Em: Obrigada! Sempre há espaço para falar mais sobre isso. É importante usar sua voz para mandar mensagens positivas por aí.
Simone: Acho que punk rock e punk no geral sempre apoiou a ideia de igualdade, direitos humanos e liberdade de expressão. Desde Satanic Surfers até Fugazi, a humanidade e a psicologia da alma se tornaram mais compreensíveis.
Tom: Acho que a música de hoje está dentro de uma bolha. Então se torna ainda mais importante desafiar o status quo agora e não apenas escrever sobre o que você sabe que será bem recebido. “Only Women Bleed” foi lançada em 1975. A parte frustrante é pensar o quanto realmente mudou desde então?

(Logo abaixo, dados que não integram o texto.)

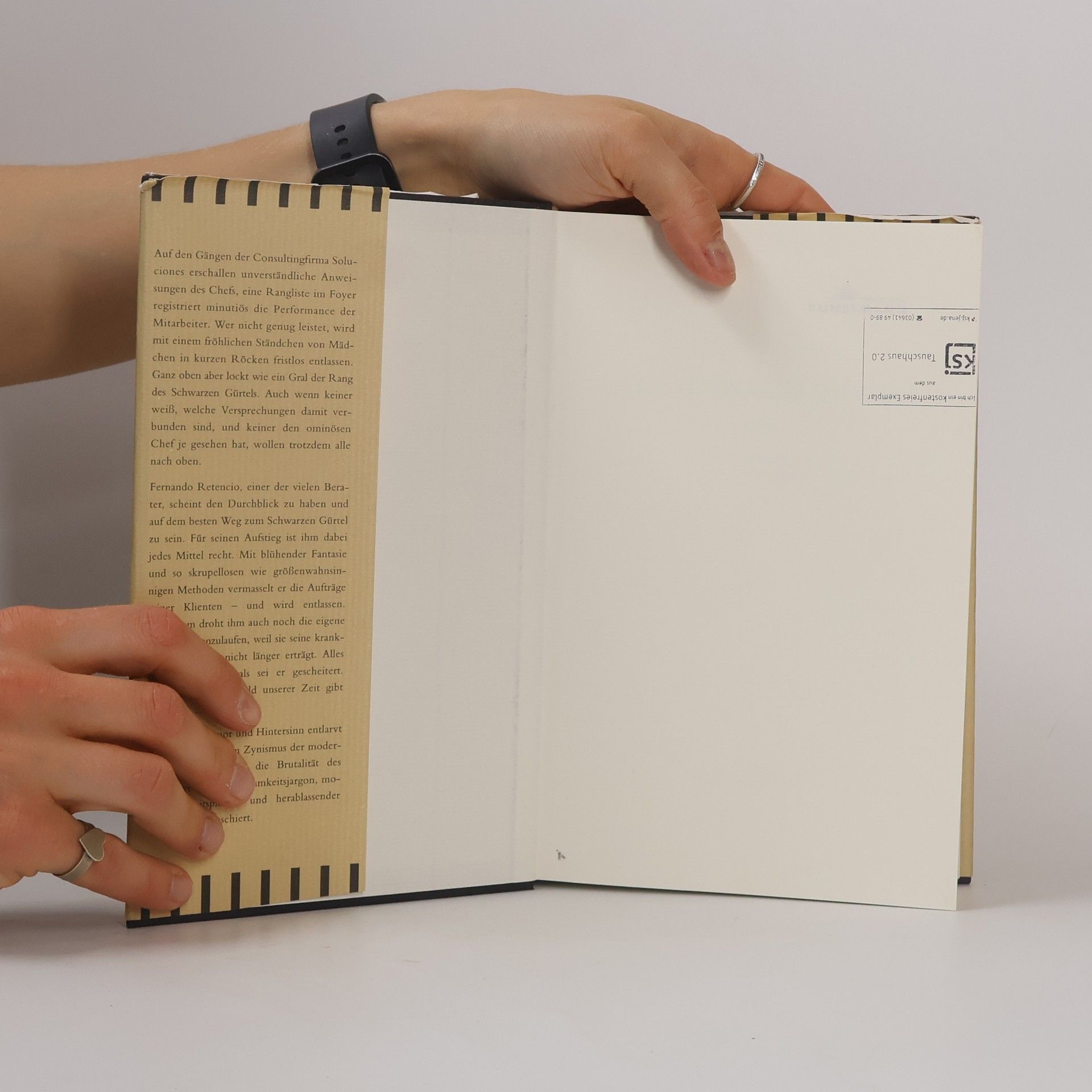 Auf den Gängen der Consultingfirma Soluciones erschallen unverständliche Anweisungen des Chefs, eine Rangliste im Foyer registriert minutiös die Performance der Mitarbeiter. Wer nicht genug leistet, wird mit einem fröhlichen Ständchen von Mädchen in kurzen Röcken fristlos entlassen. Ganz oben aber lockt wie ein Gral der Rang des Schwarzen Gürtels. Auch wenn keiner weiß, welche Versprechungen damit verbunden sind, und keiner den ominösen Chef je gesehen hat, wollen trotzdem alle nach oben. Fernando Retencio, einer der vielen Berater, scheint den Durchblick zu haben und auf dem besten Weg zum Schwarzen Gürtel zu sein. Für seinen Aufstieg ist ihm dabei jedes Mittel recht. Mit blühender Phantasie und so skrupellosen wie größenwahnsinnigen Methoden vermasselt er die Aufträge seiner Klienten – und wird entlassen. Außerdem droht ihm auch noch die eigene Ehefrau davonzulaufen, weil sie seine krankhafte Eifersucht nicht länger erträgt. Alles sieht danach aus, dass er gescheitert ist. Doch ein wahrer Held unserer Zeit gibt nicht auf … Mit bösem Humor und Hintersinn entlarvt Eduardo Rabasa den Zynismus einer modernen Unternehmenskultur, die die Brutalität des Wettbewerbs mit Achtsamkeitsjargon, mobilen Arbeitsplätzen und herablassender Wohltätigkeit kaschiert.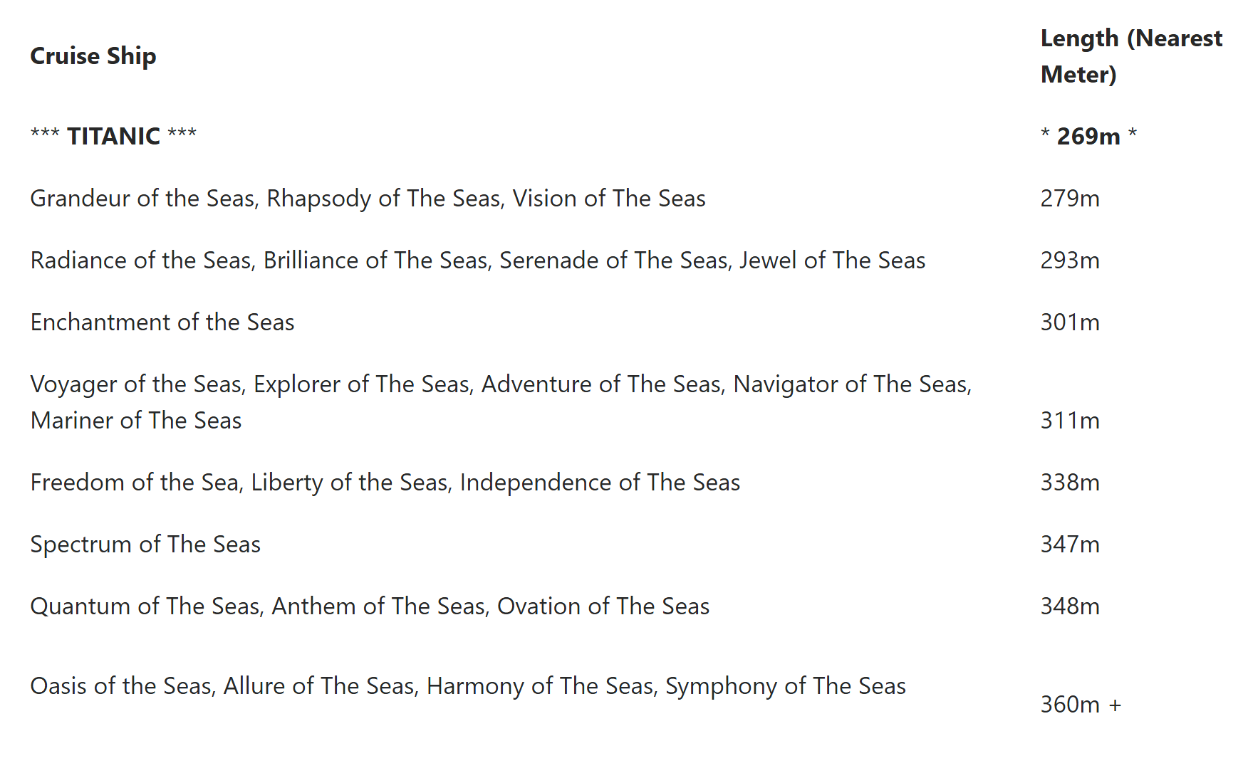 Сравнение "Титаника" по длине с крупнейшими круизными лайнерами в мире от Royal Caribbean / Скриншот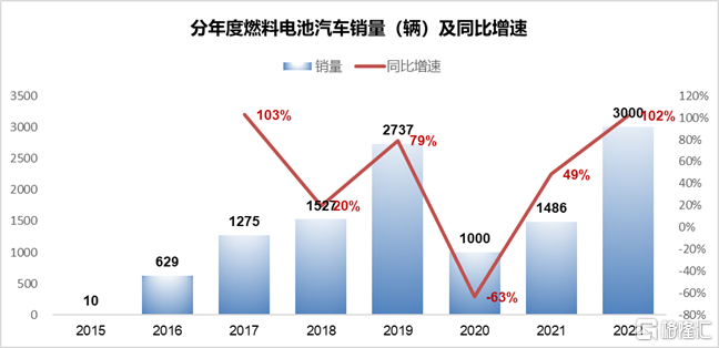 隨后市場就給了這些蜂擁而至的先驅(qū)們當頭一棒,大家立馬“人間清醒”。疫情帶來的對客車以及各類公共用途專用車的需求下降,氫燃料汽車需求直接腰斬,2020年只有1000輛,直到2022年銷量才恢復到3000輛的規(guī)模。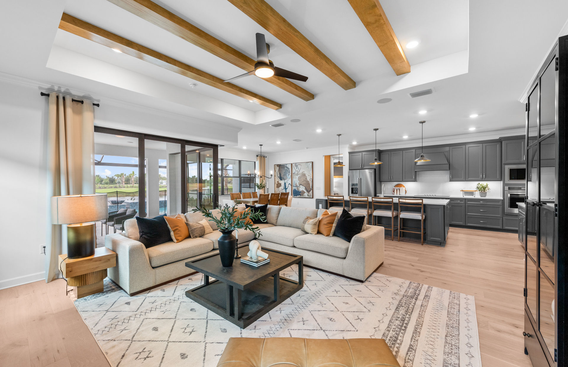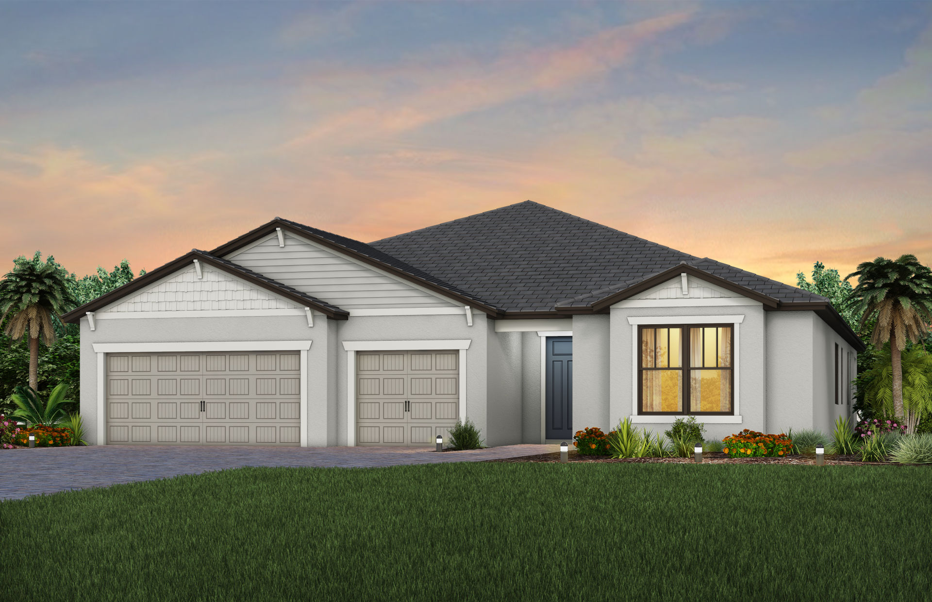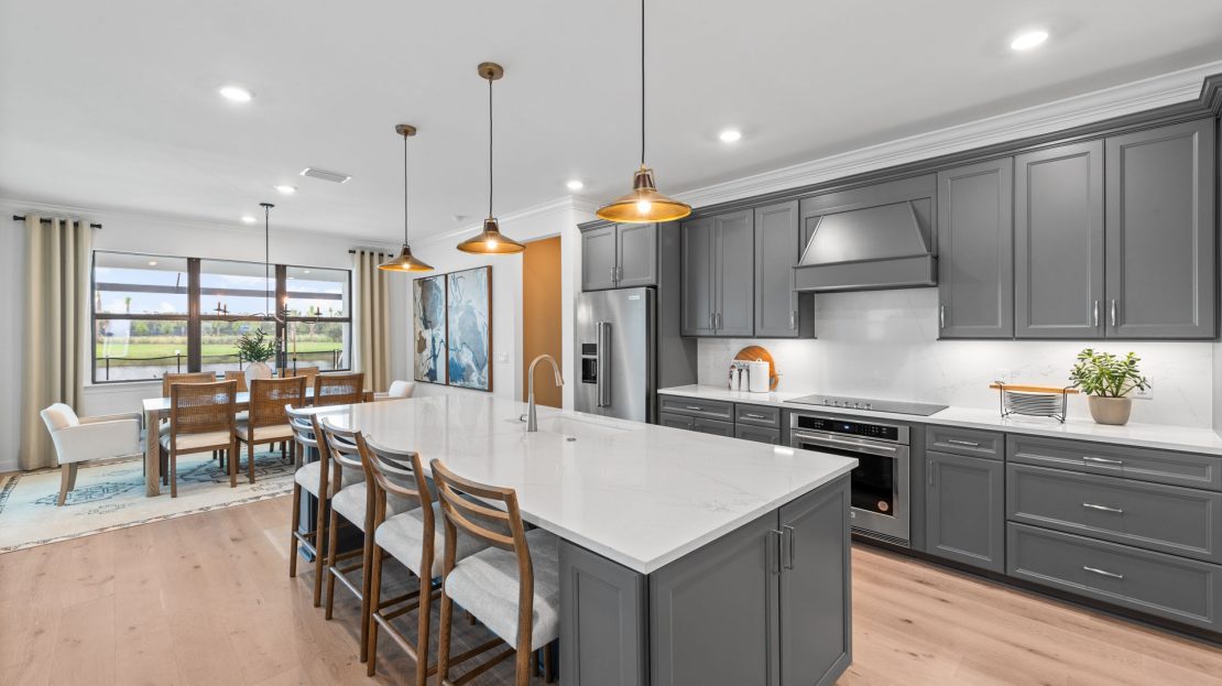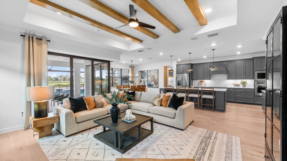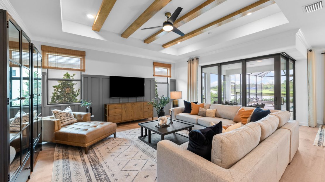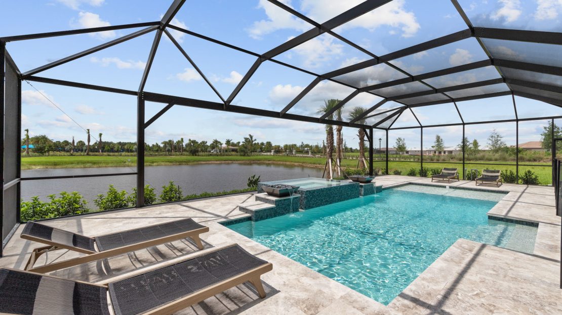 The Renown is known for its entertaining spaces inside and out. Enjoy the covered lanai and pool options. Inside, the home’s interior boasts clean lines and open spaces. Elegant and durable designer finished and plenty of natural light add style to the space.

WM: Como Femegades planeja derrubar o sexismo, começando com “Pornsick”?
Kat: É importante que as bandas usem a plataforma que possuem para falar sobre esses problemas e finalizar o ciclo ao fazer algo sobre isso. Reunir as pessoas pela música, manter a discussão, fazer as pessoas pensarem. Existem também muitas instituições de caridade e organizações excelentes ajudando as pessoas, acho que nosso trabalho é tentar fazer com que essas mensagens e temas cheguem às pessoas que ainda não pensam neles.
Em: Sim, estamos apenas fazendo as perguntas. Se podemos escrever uma música que soa ótima e alguém está ouvindo, é uma boa chance de ter letras que realmente atinjam o alvo. Talvez seja assim que a mudança aconteça. Uma pessoa, uma pergunta de cada vez.
WM: O futuro do rock e do punk é feminino?
Kat: É qualquer coisa que você quer que seja!
Simone: Acho que o futuro é preservar esse delicado equilíbrio de trabalho colaborativo.
Em: Sim. [risos] Estamos animadas para ver como isso se desenvolve.